These remembrances are of when I was about six to fifteen years of age, making my memories of about 1943 to 1952. My father, who died in 1972 at age 88, was a rural mail carrier. He was friends with his fellow co-workers at the post office. I can remember around four of them were members of the Municipal Band. One of them I remember was Schmitty, who lived two houses north of Scotties on Summer Street. One man played the trumpet or cornet, and one played the trombone. I believe one other played the drums.
May the Municipal Band continue on into the next generation, and the next. Friendships are renewed and communities are bonded together, by the sharing of talent of local musicians.
I'm very sure that those numerous times of attending the wonderful Municipal Band concerts from about age six until I graduated from high school, helped me actually decide on choosing music as a lifelong job and hobby. They say early childhood is a very important and decisive time. I guess this one humble remembrance helps to prove the point.
I marched around that bandstand until I was probably the oldest child to do that, about age eleven, and then, feeling foolish that people thought I was too big to be doing that, I resorted to sitting in the back seat of our Studebaker. I didn't like that as well, for I couldn't SEE the instruments as well, or feel the vibrations from sitting on the steps. Also, it was at this time I decided to invent screens for car windows. There were always lots of mosquitoes there. That hope was dashed when air-conditioners arrived in cars.

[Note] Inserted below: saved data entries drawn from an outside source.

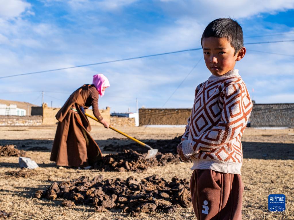 在西藏當雄縣納木湖鄉達布村的冬季放牧點(diǎn),多吉扎西(右)在幫助媽媽芝嘎措姆制作取暖用的牛糞餅(11月10日攝)。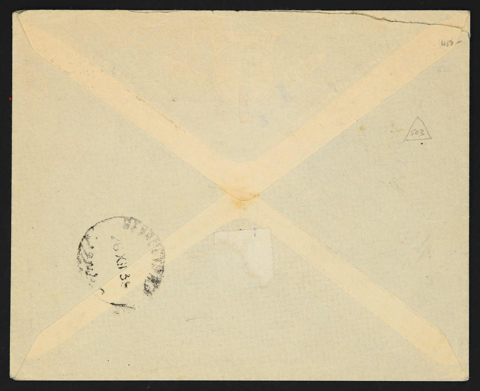 bilingual "Alexandrette 4" dated 12.9.38 postmarks, alongside arrival and transit cds (Yvert 3+4+5+6+7+12), also "R" white-black registration label No. 300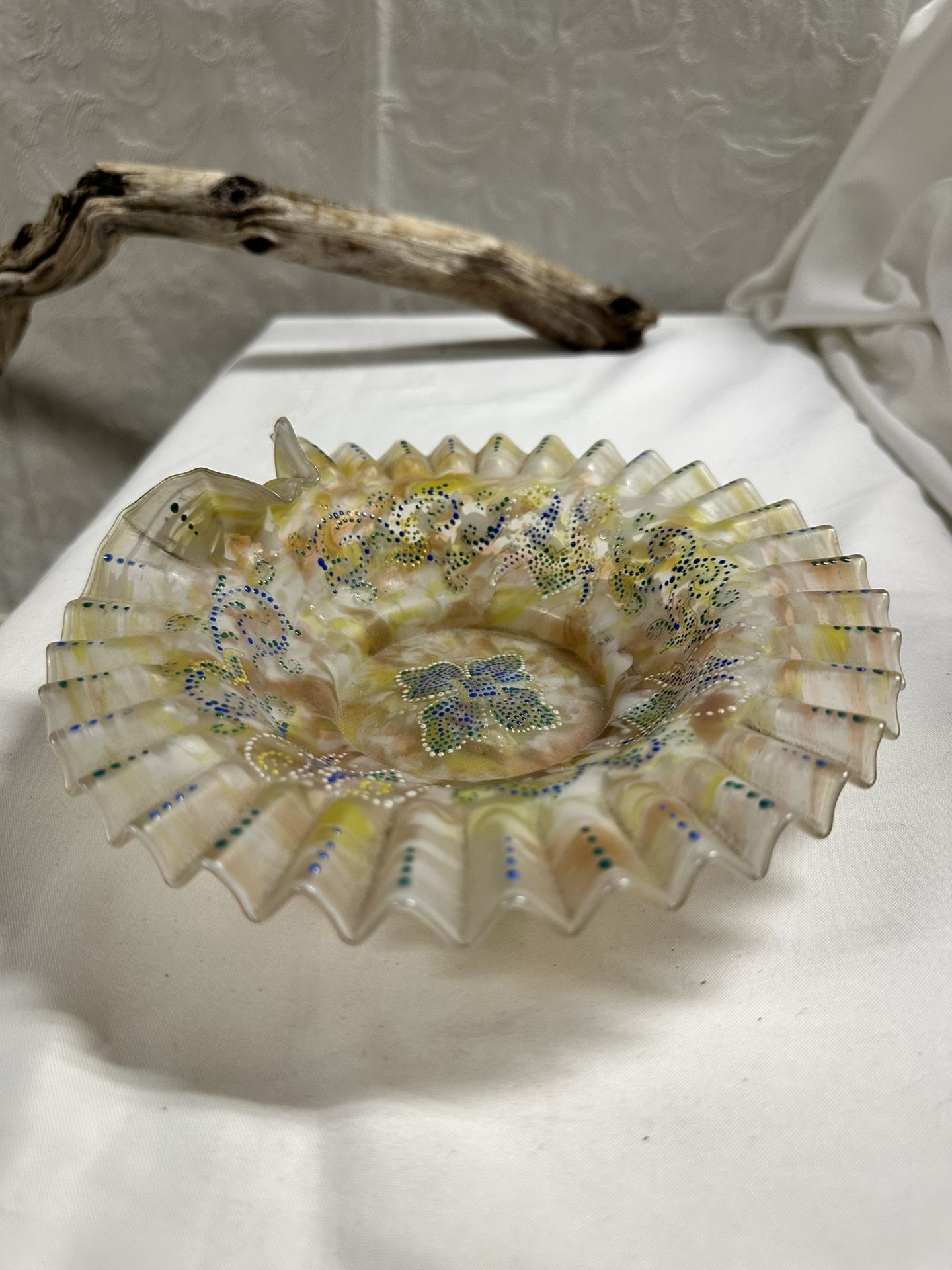 This is a vintage shallow opalescent glass bowl with a ruffled edge and a hand-painted enamel decoration. It has a beige and yellow swirl and blend of translucent glass with a ruffled rim. The bowl has a central, raised design and is decorated with small, colorful enamel dots forming a nature pattern. It is in excellent condition. Uncertain of maker, perhaps Fenton, Northwood or even Murano.

There was a little ice cream shop very close, near the corner of the park, and we would usually get either ice cream or, my favorite, an ice-cold root beer. What a delight and it just polished off the evening.

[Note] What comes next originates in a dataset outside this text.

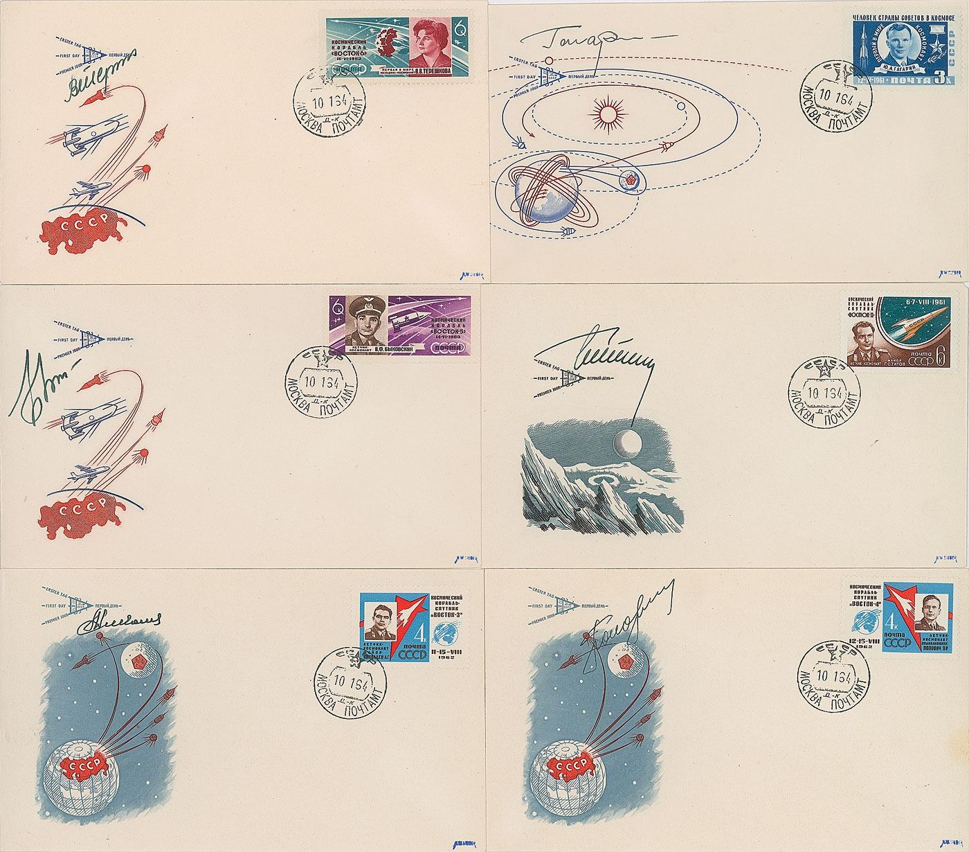 Desirable set of six KNIGA covers, all with cachets commemorating the Soviet space achievements of the Vostok program, issued and canceled to mark the first six Russian manned space missions. Each is signed in ink by one of the first six cosmonauts: Yuri Gagarin, Gherman Titov, Andriyan Nikolayev, Pavel Popovich, Valery Bykovsky, and Valentina Tereshkova. In overall fine condition.

The cars all parked completely around the bandstand with headlights pointed straight in to the center. Most people stayed in their cars and at every number's end they all laid on their horns. It was a contest to see who could blow his horn the loudest, and needless to say, who horn would be the VERY last to quit honking. There was always one last "beep".
I cannot presently recall any conductor other than Mr. Maury Wright. I remember watching the baton, ever so crisply being propelled up and down. A man played the tiny piccolo, and then would change to flute very quickly. I always wondered how his fingers could hit the right note. I wanted to try to play some of the instruments but was too shy to ask.

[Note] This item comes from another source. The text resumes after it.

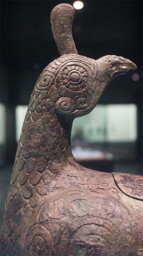 绿孔雀外表华丽,形象优雅,晋国人对于这种已经罕见的美丽大鸟,不免会产生神化的心理。因此在铸造作为宗室礼器时,很可能用绿孔雀作为了凤凰的形象。

These same men loyally played in the Municipal Band every year. There is probably a list and perhaps I would recognize some of the other names. The concerts were on Wednesday evenings and again on Sunday. We hardly missed a concert. I was enchanted, as a young girl, to watch the colored water jetting into heaven as the fanciful music propelled me into a fantasy land. I was extremely happy to be presented with this offering of perky, invigorating, uplifting music. My bones just would not sit still. Around the old band stand were white blooming bridal wreath. Children constantly marched, stomped, and tip-toed around and around the bandstand on any and every number. We didn't wait for one special number as nowadays, but always marched during the whole program. Bigger children took the lead or took the hands of smaller children. Even live pets were dragged by their tiny masters round and round. What a great and lasting memory. Starting the piano at age four, I was already interested in music and I was enthralled with this whole experience. I knew at a young age that this was the entertainment for me! I'm sure I eagerly jumped into the old Studebaker car every week, to be driven over to the "fairyland", Crapo Park, where I could climb to the top step, as close to the conductor as I could get to watch absolutely everything I could digest about music from my perch. Quietly, mannerly, so as never to be in the way, I observed hungrily, grasping how that trombone could get all those movable sounds. I feasted my eyes on Schmitty, watching his fingers march up and down, up and down, only to clap as loud as I could at each numbers end.
These men had a ritual each and every morning at the post office. They were to report to work and be ready to "case the mail" by 5:00 a.m. each day. Before starting each morning, the band members, plus my father, each had these little ceremonial tunes they played before starting work. My father, Roy, did not play in the band, but joined them each morning with his stringed instrument. I believe it is called a pianola. I still have this instrument. It got more and more out of tune, and probably he didn't know how to tune it! Several times in the summer, while on school vacation, I got to go to the Post Office and sit right outside the door and listen to their morning ritual before leaving on his mail route. I am presuming I wasn't allowed actually inside, thus my seat by the alley on the top step, located in the old Post Office, next to the present fire station.